The Food Trust brings the Farm to City movement to Philadelphia with farmers markets across the city.
1996
Congress cuts funding for the USDA’s urban gardening programs. Penn State Extension soon scales back programs dramatically. Grassroots neighborhood groups such as the Urban Tree Connection and East Park Revitalization Alliance emerge, dedicated to food, land, and people. 2008
University of Pennsylvania researchers report that community
gardens in Philly have suffered a
55% loss since the 1996 cut to urban gardening funding. 2013
The Garden Justice Legal Initiative launches Grounded in Philly, offering education and pro bono legal support to gardens and farms at risk of losing their land. 2016
Soil Generation leads a large group of growers to City Hall for Philadelphia’s first ever Urban Agriculture Public Hearing. Philadelphia’s Food Policy Advisory Council begins a pre-planning process with growers, laying the ground work for the City’s first urban agriculture strategic plan.
2019
Philadelphia Parks & Recreation launches the planning process for the City’s first urban agriculture strategic plan, Growing from the Root. 2022
USDA names Philadelphia one of 17 cities to receive a dedicated Farm Service Agency
County Office of Urban Agriculture and
Innovation.
1940s
Industrialization in Puerto Rico forces people off their land and into metropolitan areas, as well as off the island and into the US, a process that continues for the next three decades. After World War II, manufacturing jobs draw large numbers of Puerto Ricans to Philadelphia, where they make a significant imprint on the urban agriculture community, integrating Boricua and Afro-Puerto Rican culture in many North Philly neighborhoods.

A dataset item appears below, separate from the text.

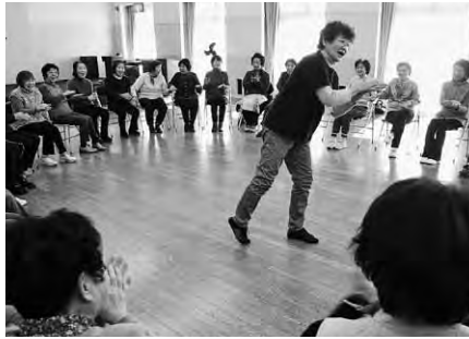
研修を受けてサポーターの仲間入りを!
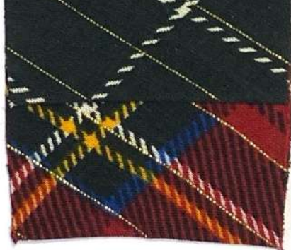
LUREX 2 1

Las Parcelas and other community gardens around Norris Square in North Philly take root by the mid 1970s, celebrating and preserving Puerto Rican heritage, culture, and horticulture within Philadelphia.
1960s
Refugees from Vietnam, Cambodia, and Laos arrive in the US en masse in the aftermath of the Vietnam War, known in Vietnam as the Resistance War Against America.
Families fleeing violent conflict settle in South Philadelphia, bringing flavors and growing practices from home. In time, whole commercial strips are reactivated by Southeast Asian businesses, food markets, and restaurants, only to again risk displacement by rising property values and gentrification.